To me, with a little experience programming links that generate pre-formatted emails using mailto:, and with similar features that also use URL encoding like pre-formatted share messages for Facebook and Twitter, this tells me that there's something wrong with your URL encoding, or possibly that you have to account for escaping special characters.

My recommended fix would include adding tests that verify the results of the email output including a variety of special characters.

If you email me at the address associated with this account, I'll provide my Github handle and you can credit me on your branch.

---

1Password Version: 6.3.2
Extension Version: Not Provided
OS Version: OS X 10.11.6
Sync Type: Not Provided

ag_kevin

Hi @tuna_hp ,

At first glance, it looks like you are correct. The URL to add the item to 1Password appears to be properly encoded, but the entire content itself is not. The most common mail app is Mail, of course, and it accepts the unencoded + ok, but it appears Thunderbird, and obviously, a Chrome GMail window, does not.

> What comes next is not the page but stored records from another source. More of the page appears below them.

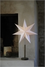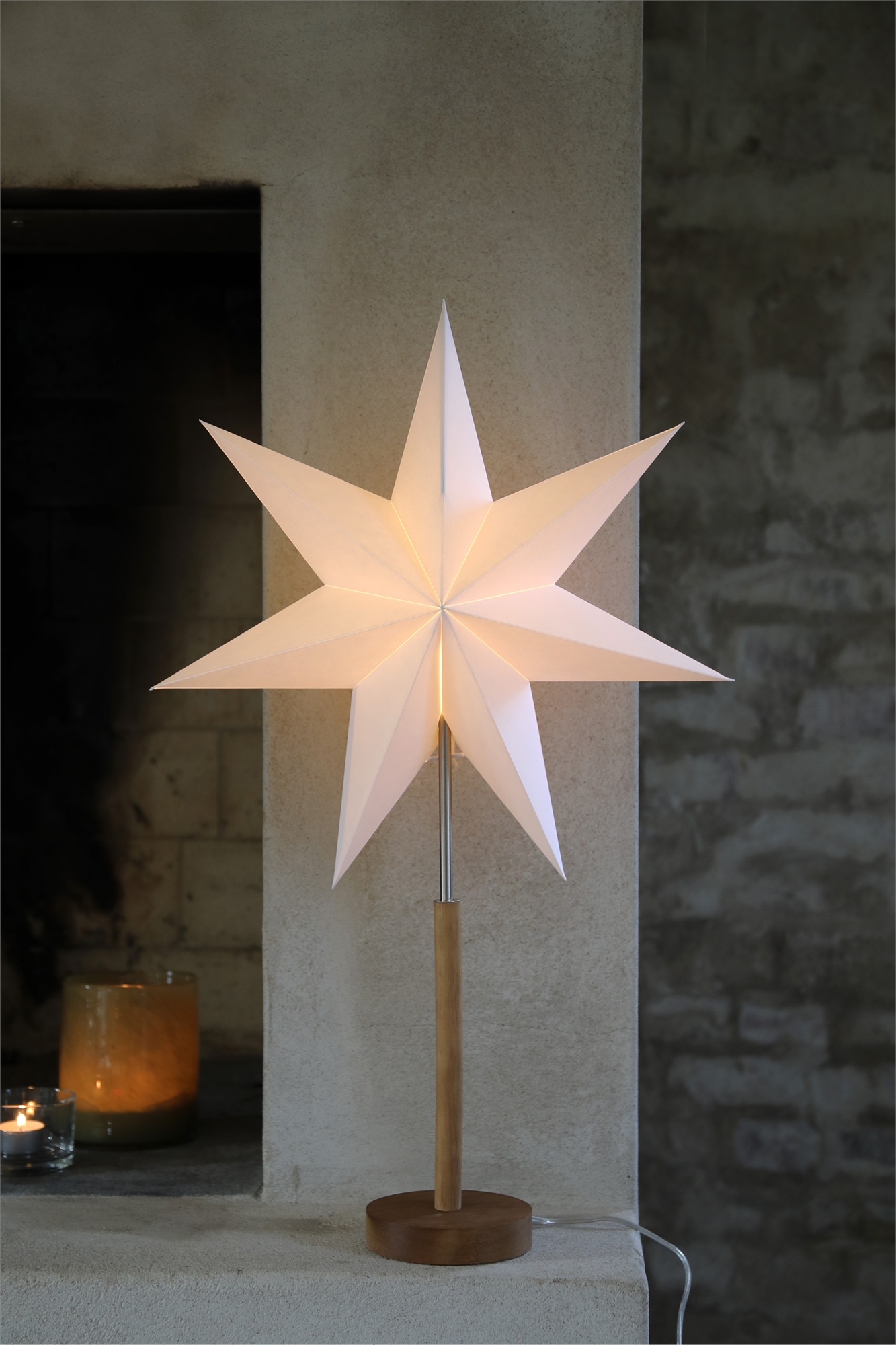 Настольная лампа с белым абажуром в форме звезды из бумаги и основанием из дерева и металла с коричневыми вкраплениями. Для настольной лампы требуется лампа с цоколем E14 мощностью не более 6 Вт, светодиоды в комплект не входят. Прозрачный кабель длиной 2 м с выключателем и розеткой. Размер лампы: 45 см в ширину, 18 см в глубину, 64 см в высоту.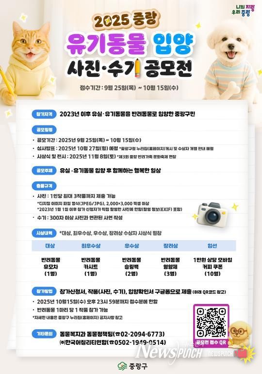 뉴스펀치 김완규 기자 | 중랑구는 유기 동물 입양에 대한 사회적 관심을 반영하고, 생명존 중 문화 확산을 위해 ‘2025 중랑 유기 동물 입양 사진·수기 공모전’을 개최한다. 공모 기간은 9월 25일부터 10월 15일까지다.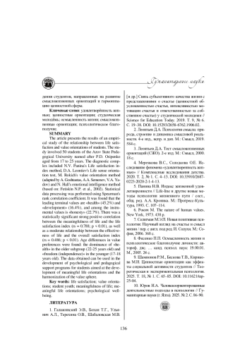 4. Меренкова В.С., Солодкова О.Е. Исследование феномена “удовлетворенность жизнью” // Комплексные исследования детства. 2020. Т. 2, № 1. С. 4-13. DOI: 10.33910/2687-0223-2020-2-1-4-13

Thanks for taking the time to report this. I have raised issue OPM-4375 in our tracking database. I don't have an exact date when it will be fixed, but it is posted in the database now so it will be looked at.

Also, to clarify a bit about your "you no longer encrypt the email message". 1Password never did encrypt items shared via mail. It was obfuscated, but never encrypted. Otherwise, the recipient would have needed a passphrase to decrypt it, and you would need a separate, secure and verifiable way to send the passphrase to the recipient. We did not want to give a false sense of security to our customers, so now we send the plain text along with the obfuscated URL so they are reminded it is not encrypted.

Cheers,
Kevin

ref: OPM-4375

dpwct

can you explain how to share passwords when using the various versions (individual, team, family), and what has changed since previous versions). When I try to share I get the message "Sharing your items outside of 1Password sends them in plain text. Please be confident in the security of the method you use to share." Is there a more secure way to share these?

jpgoldberg

Hi @dpwct,

I do realize the the (apparent) changes in sharing can be confusing, but hopefully this will help:

1. Item sharing (Email, SMS, etc) has never been encrypted, only obfuscated. The change we introduced last Spring was to make this fact more clear to people so that they can make better decisions about what to share or not and how.
2. Sharing within Teams and Families is secure, as the data will be encrypted with the public key of the recipient. This has always been the case with Teams and Families, but Teams and Families are relatively new.

dpwct

Looks like I should get family or teams account , can you explain the differences (other than price and # of users)
between family and teams

Ben

@dpwct,

Sorry for the delayed reply.

1Password Families is only available to folks looking to use 1Password for personal use. When using 1Password within a business 1Password Teams is the way to go. Families can also use 1Password Teams, but there are few that take this route.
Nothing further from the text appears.